Collected data
※

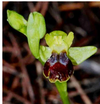
Ophrys de Forestier ( Ophrys delforgei = Ophrys forestieri )
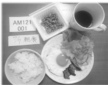
(写真:実際に提出した 1 食分)

参加した組合員の声 昨年引き続き今年も摂取量調査が行われると聞き、真っ先に手を上げて参加させて頂きました。昨年度この調査に参加された方から「タンポポ村(福島)のハムやウィンナー、丸エビ倶楽部(茨城)の野菜など、みんなが心配していそうなものを普通に食べて検査に出したけれども放射性物質は検出限界(1 キ 相当たり1 ベ )未満だったよ」と聞いて安心をして購入していましたが、実際に自分が食べているもの、特に二歳と五歳の子供の食事は大丈夫なのかという不安が心のどこかにありました。
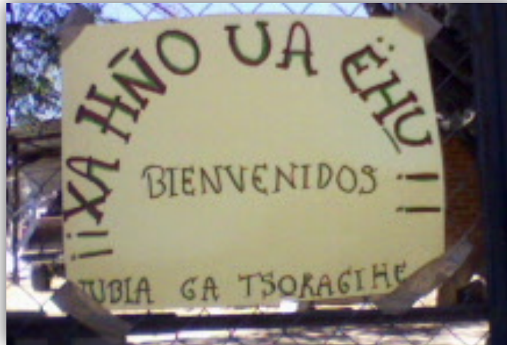
Letrero de bienvenida a la comunidad

“XA HÑO UA ÊHU (SEAN BIENVENIDOS) NUBIA GA TSOKAGIHE (HOY QUE VIENIERON A VISITARNOS)”.
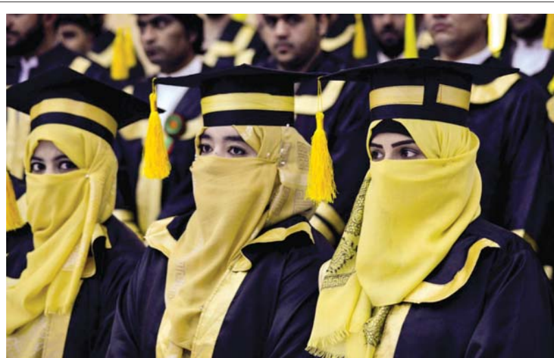
● خريجات جامعة أفغانيا بمدينة قندهار في صف وحدهن بعيدا عن زملائهن الطلبة الذكور، مع تغطية وجوههم، في أول حفل تخرج منذ سيطرة حركة طالبان على البلاد.

وأعرب عن أسفه لضياع الوقت في ست جولات سابقة لمجموعة الاتفاق النووي لم تستمر عن سبب سوء الاحوال لبعض الأطراف ترسخ العقوبات التي فرضها الرئيس ترامب؛ ما دعا المجموعة الغربية إلى العمل على إزالة العقوبات التي فرضت بعد العام 2015 ضد الشعب الإيراني واستغلال الأزمات اللزورية التي ربما لن تكون متاحة في المستقبل.
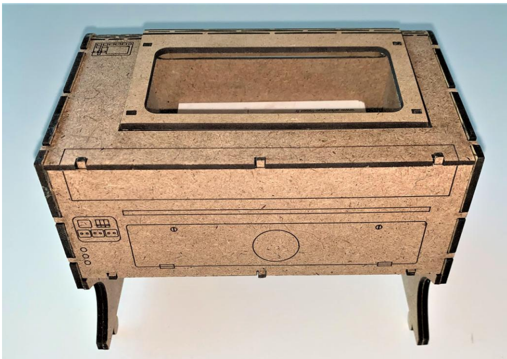
Coffret carte de visite découpé avec une machine laser AGATHE 5030 ARKETYPE
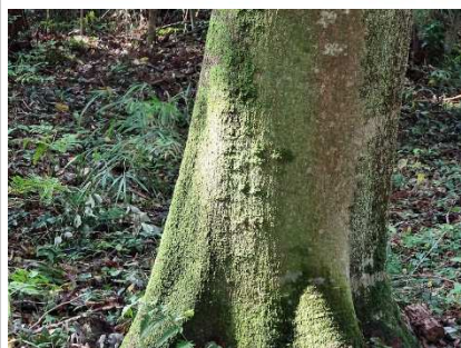
シラカシの幹に木漏れ日が射しています
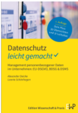
Datenschutz – leicht gemacht Ladenpreis: 17,40EUR
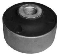
Código: 90032 Modelo: BORA - GOLF - NEW BEETLE Nº Original: 1J0.407.181 Buje parrilla inferior delantera parte trasera Ø 12 mm
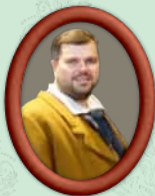
John Brooke Der Hauslehrer von Laurie ist gebildet und hilfsbereit.
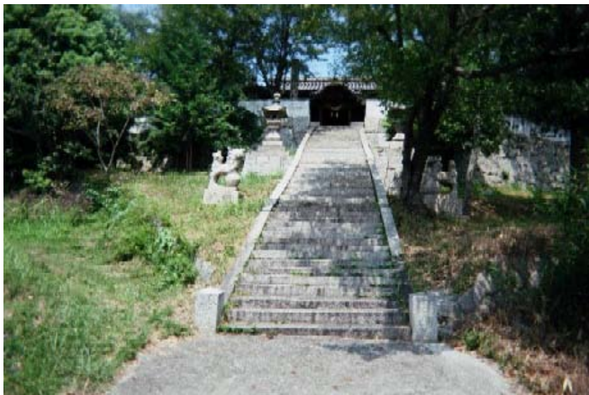
イメージ02→磐岩神社社殿
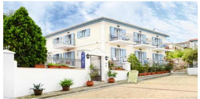
Das Hotel Miramare
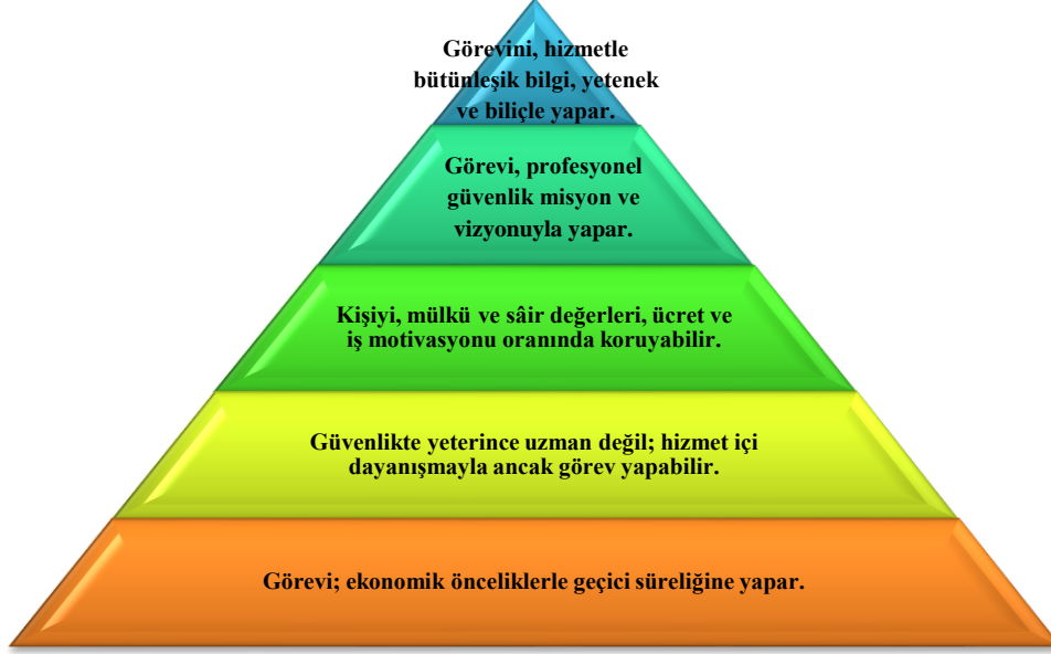
Şekil 2. Özel/Güvenlik Hizmetine Dönük Personel Nitelik Piramidi

Özel güvenlik personel hizmet niteliğine dönük bu piramitten de anlaşılacağı gibi, güvenlik işini yapan her güvenlik personelinin yaptığı göreve/işe olan yaklaşımı ve katkısı aynı değildir. Nitekim özel güvenlik hizmetine yönelik yapılmış çalışmalar ile gündem olan haberler, ağırlıklı olarak mevcut özel güvenlik hizmetinin piramidin ilk üç basamağında konumlanışını resmetmektedir. Ancak, sınırlı oranda şirket, kurum ve özel güvenlik görevlisi dördüncü, hatta beşinci basamakta konumlandırılmayı hak edebilmektedir. Bu piramide göre nitelikli istihdam için öncelenmesi gereken eşik ise üçüncü kategoriden başlatılabilir. Sektörün bu manzarasının, sektörün iç güvenlik hiyerarşisindeki konumuyla olan alakası ise tartışmasızdır.
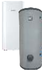
Комбинированные (косвенные) водонагреватели
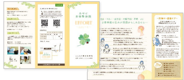
整体院 [リーフレット(巻き三つ折り)]
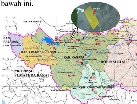
Gambar 1. Lokasi Penelitian Daerah Irigasi Muara Uwai Kabupaten Kampar Propinsi Riau

Penelitian dilakukan pada DI Muara Uwai yang meliputi Desa Muara Uwai kecamatan Bangkinang Seberang, Kabupaten Kampar, Provinsi Riau. Secara geografis DI Muara Uwai terletak pada koordinat 0°22'09,86" LU dan 100°59'14,46"BT. Daerah studi mencakup satu stasiun pencatat hujan yaitu stasiun Pasar Kampar dan satu stasiun klimatologi yaitu Stasiun Pasar Kampar,. Lokasi penelitian dapat dilihat pada gambar 1 di bawah ini.
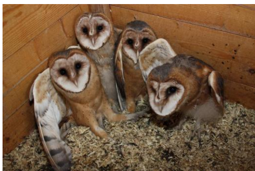
Opmerking : nestfotografie is in Vlaanderen bij wet verboden
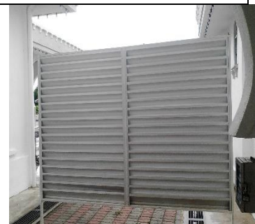
Penghadang diletakkan antara ruang tandas dan wuduk
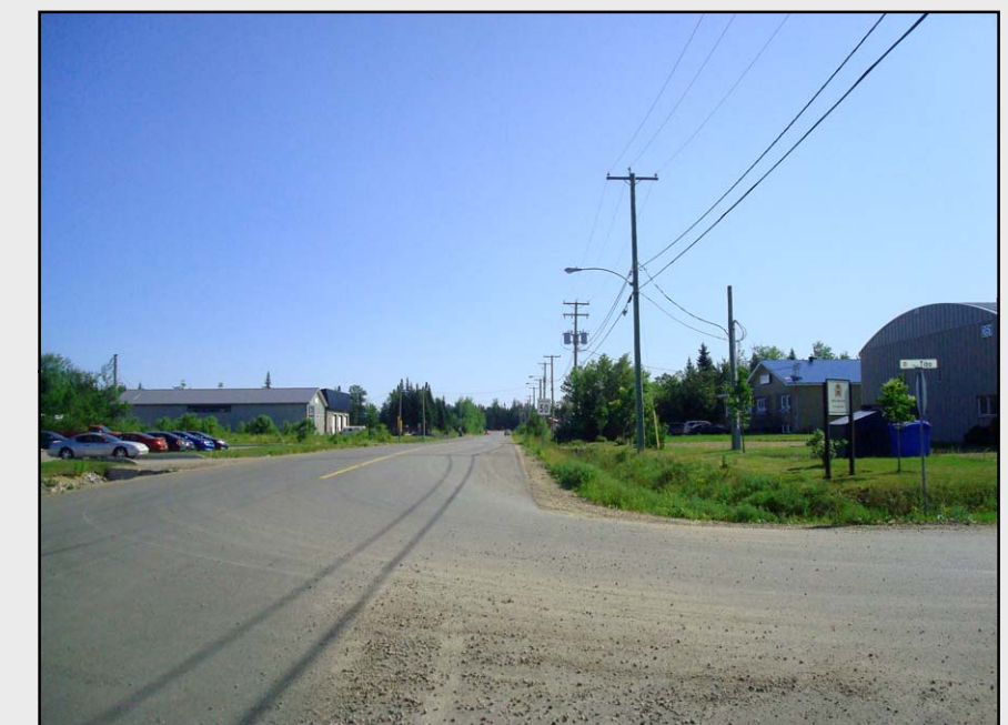
I1 – Paysage industriel de Sainte-Catherine-de-la-Jacques-Cartier
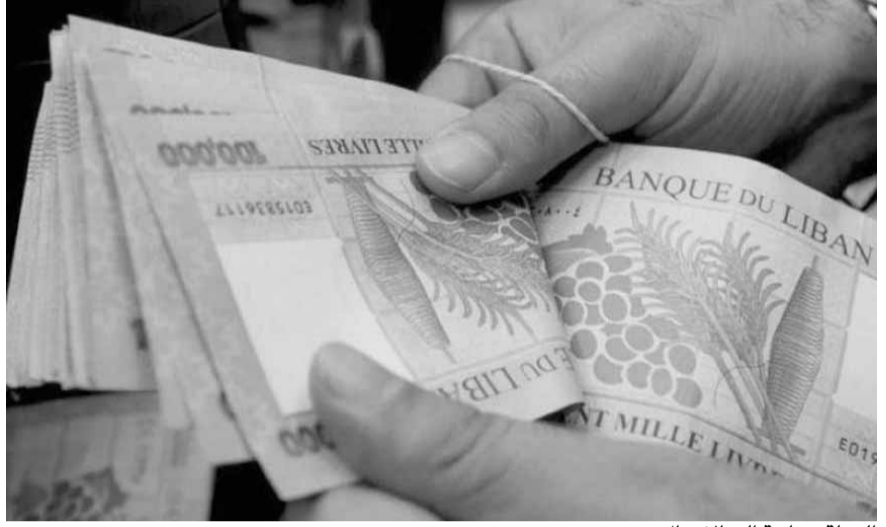
الدولة بحاجة الى الاموال

اذا كانت الحكومة تريد الاموال لتعبئة الخزينة الفارغة بسبب سياسة الإنفاق التي اعتمدها الحكومات السابقة والديون المتعاظمة، فلها بعهذ الطريقة التي تتنم عن عدم اي احساس بما يتعرض له المواطن المتروك لوحش «الغلاء» المتصاعد، وارتفاع الدولار على سعر صرف الليرة وتآكل راتبه بنسبة ٦٠ في المئة، وليس بعهذ الطريقة «البوليسية» التي اعتمدها هؤلاء سارعوا منذ اليوم الاول لعودتهم الى مزاولة اعمالهم، اولا الى قطع خطوط الهاتف للمواطنين الذين لم يتمكنوا من تسديد متأخرات الثلاثة اشهر الماضية وجتبهتم ان هذه الادارات كانت مقفلة والموظفون قابعون في منازلهم رغم ان وزير المالية القديم والمؤمن على خزينة الدولة اصدر قراراً بتعلق بعدم احتساب فترة تعليق المهل التي نص عليها القانون رقم ١٦٠ تاريخ/٥/٢٠٢٠ (تعليق المهل القانونية القضائية والعقدية) ضمن مدة المتأخر عن قيام المكلفين بالموجبات الضريبية كافة المتعلقة بكل انواع الضرائب والرسوم التي تحققها وتحصلها مديرية المالية العامة، سواء لجهة احتساب غرامات التحقق او غرامات التحصيل، كما لا تتحسب تلك الفترة ضمن مدة التأخر عن ممارسة هؤلاء المكلفين لحقوقهم الضريبية كافة.
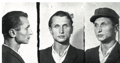
„Warszyc” - zdjęcia sygnalityczne

więźniów (jak w kwietniu 1946 r. w Radomsku), rozbijało obławy. Mocno osadzony w terenie mógł liczyć na pomoc miejscowej ludności – docierał do niej również za pośrednictwem ulotek i gazetek. W ręce bezpieki dostał się z powodu zdrady w połowie 1946 r. – stracono go 19 lutego 1947 r. w Łodzi.
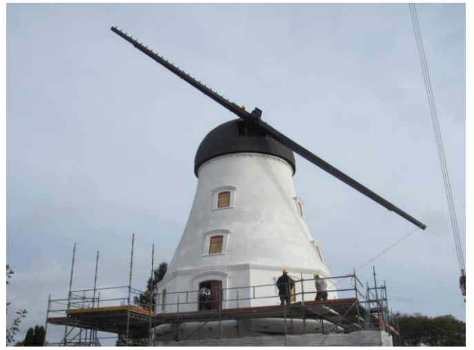
Vingen boltes fast
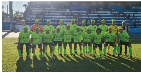
A Copa Amapar 2024 é disputada por 16 cidades da região e as equipes estão divididas em quatro grupos. No grupo A estão Pitangueiras, Florestópolis,

O Rolândia Futebol Clube tem como treinador o Xuxa, que foi campeão do Torneio 1º de Maio neste ano com a equipe 'Amigos do Xuxa/Bar do Paquinha'. Xuxa tem à disposição um elenco quase todo rolândense – há apenas um jogador de fora inscrito, mas que ainda não foi utilizado
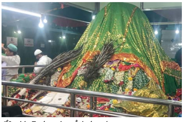
హోళిగుండ్ల, ఉదయం స్వాగతం

మండల పరిధిలో గురువారం సందర్భంగా రాష్ట్రానికి ప్రసిద్ధి గాంచిన శ్రీ శ్రీ హాజుర్త్ శేక్రపలి, పాపాపలి తాత దర్గాలో భక్తులు ప్రత్యేక ఫాతెహాల్ నిర్వహించారు. అలాగే భక్తులు మన రాష్ట్రం నుంచి కాక కర్ణాటక, తెలంగాణ నుంచి భక్తులు పెద్ద సంఖ్యలో వచ్చి తాతకు ప్రత్యేక ఫాతెహాల్ నిర్వహించి అనంతరం పార్శనలు చేసి తమ మొక్కు బదులు తీర్చుకున్నారు.
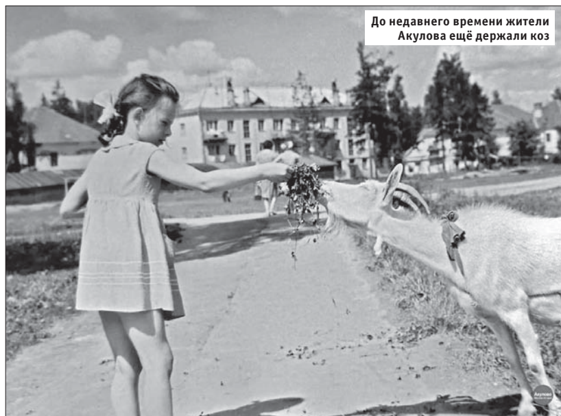
До недавнего времени жители Акулово ещё держали коз

Наш корреспондент заехал в самый дальний уголок ВАО
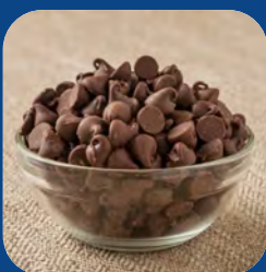
pépites de chocolat
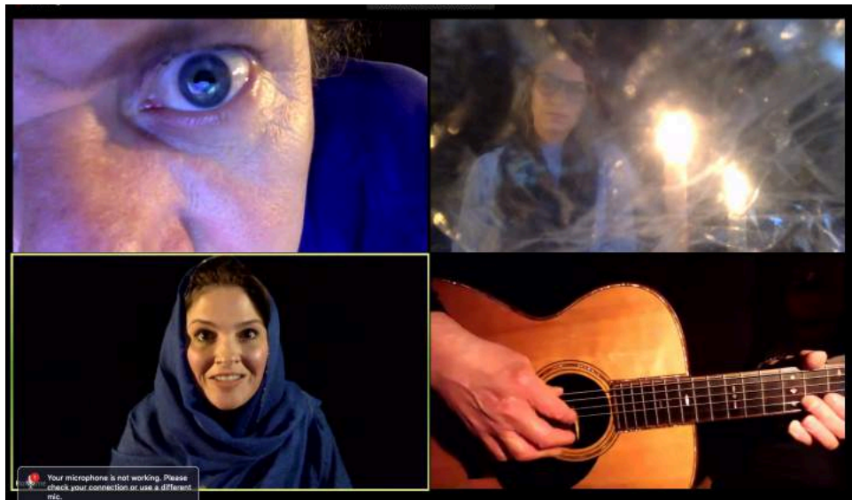
Screenshot 1000&1 nacht
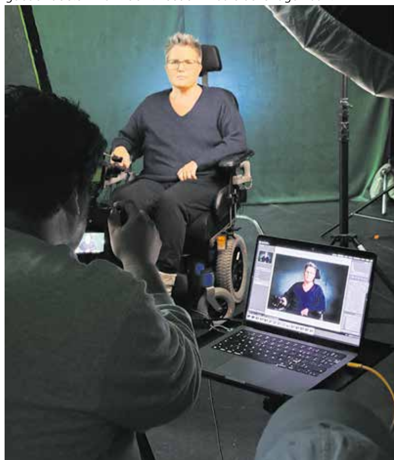
Juliette tijdens de opnames van de donatiecampagne.

Daarna heeft Nederland ongeveer een maand de tijd om te stemmen. Tijdens die uitreiking medio maart worden de winnaars bekendgemaakt.
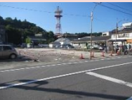
城下町回遊館建設予定地

城下町の中心部に位置した場所に、城下町を訪れる来訪者の為の案内施設及び地域住民の文化拠点施設とし、誰もが気軽に訪れ交流を深めることができ、中心市街地の賑わいを創出できるような施設整備を行います。
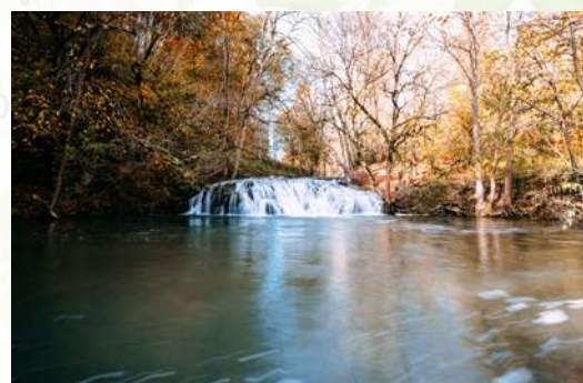
Wer dem Lauf der Lauter lauscht, entdeckt auch manche wilde Stelle.

In Bichishausen beginnen die Kanutouren auf der Lauter, ein überaus beliebtes Wasservergnügen, das auch für Anfänger problemlos machbar ist. Vom 3. Juli bis 29. September dauert die Saison, immer von Montag bis Freitag.
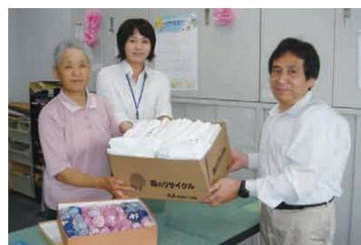
▶大崎商工会女性部 三本木支部 様
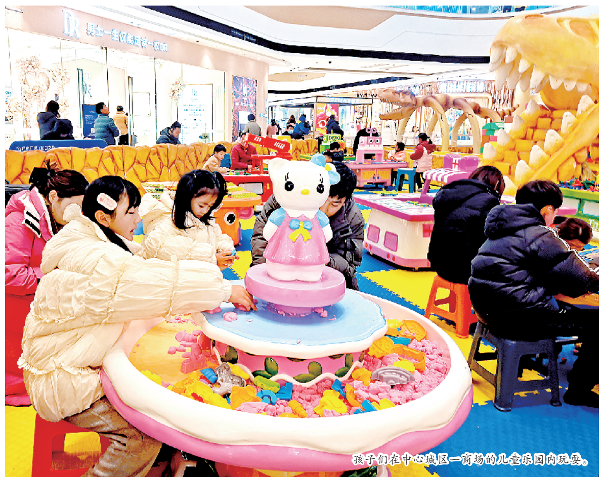
孩子们在中心城区一商场的儿童乐园内玩耍。
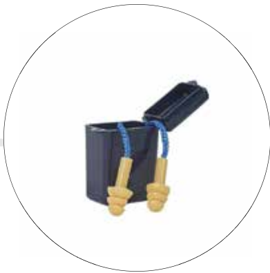
PROTECTOR AUDITIVO SILICONA NATURAL ESTUCHE LLAVERO NRR 26dB 201851310072
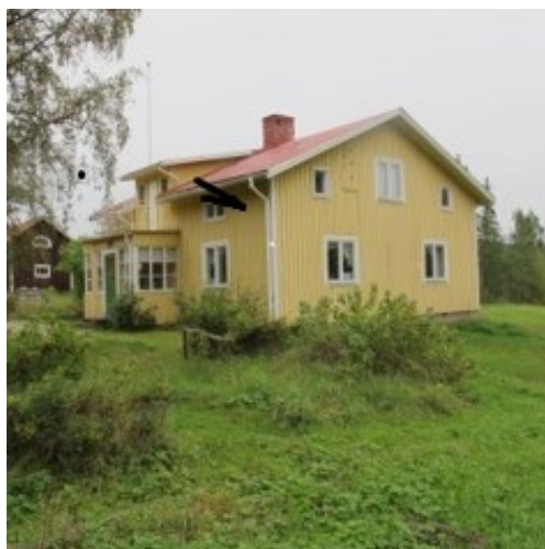
Ena halvan av före detta Johannesnäs herrgård ...
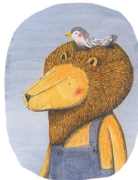
Ensemble, nous n'aurons pas froid cet hiver.
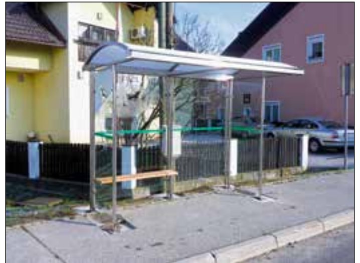
Avtobusno postajališče na Grabah

Za ta projekt je bilo zagotovljenih 10.000 evrov lastnih sredstev, ki smo jih namenili za nabavo treh avtobusnih nadstreškov v naselju Grabe in so bili postavljeni v začetku decembra. Vrednost investicije je 9.600 evrov. Po finančnih zmožnostih bodo manjkajoči nadstreški v občini postavljeni v naslednjih letih.
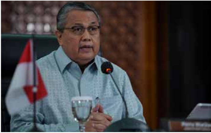
▲빠리 와르지요 중앙은행 총재

인도네시아 중앙은행(BI)은 지난달 25bp 금리 인상 이후 자본 유입 증가로 루피아화가 안정세를 보이고 있다고 판단해 기준금리를 6.25%로 동결했다.

※

→ **What to do**: Every line above between the one containing "మండల పరిధిలో గురువారం" and the one containing "In Bichishausen beginnen", those two included, is to be printed exactly. No pictures go into the copy.

→ **Worked solution**:
మండల పరిధిలో గురువారం సందర్భంగా రాష్ట్రానికి ప్రసిద్ధి గాంచిన శ్రీ శ్రీ హాజుర్త్ శేక్రపలి, పాపాపలి తాత దర్గాలో భక్తులు ప్రత్యేక ఫాతెహాల్ నిర్వహించారు. అలాగే భక్తులు మన రాష్ట్రం నుంచి కాక కర్ణాటక, తెలంగాణ నుంచి భక్తులు పెద్ద సంఖ్యలో వచ్చి తాతకు ప్రత్యేక ఫాతెహాల్ నిర్వహించి అనంతరం పార్శనలు చేసి తమ మొక్కు బదులు తీర్చుకున్నారు.
До недавнего времени жители Акулово ещё держали коз

Наш корреспондент заехал в самый дальний уголок ВАО
pépites de chocolat
Screenshot 1000&1 nacht
Juliette tijdens de opnames van de donatiecampagne.

Daarna heeft Nederland ongeveer een maand de tijd om te stemmen. Tijdens die uitreiking medio maart worden de winnaars bekendgemaakt.
城下町回遊館建設予定地

城下町の中心部に位置した場所に、城下町を訪れる来訪者の為の案内施設及び地域住民の文化拠点施設とし、誰もが気軽に訪れ交流を深めることができ、中心市街地の賑わいを創出できるような施設整備を行います。
Wer dem Lauf der Lauter lauscht, entdeckt auch manche wilde Stelle.

In Bichishausen beginnen die Kanutouren auf der Lauter, ein überaus beliebtes Wasservergnügen, das auch für Anfänger problemlos machbar ist. Vom 3. Juli bis 29. September dauert die Saison, immer von Montag bis Freitag.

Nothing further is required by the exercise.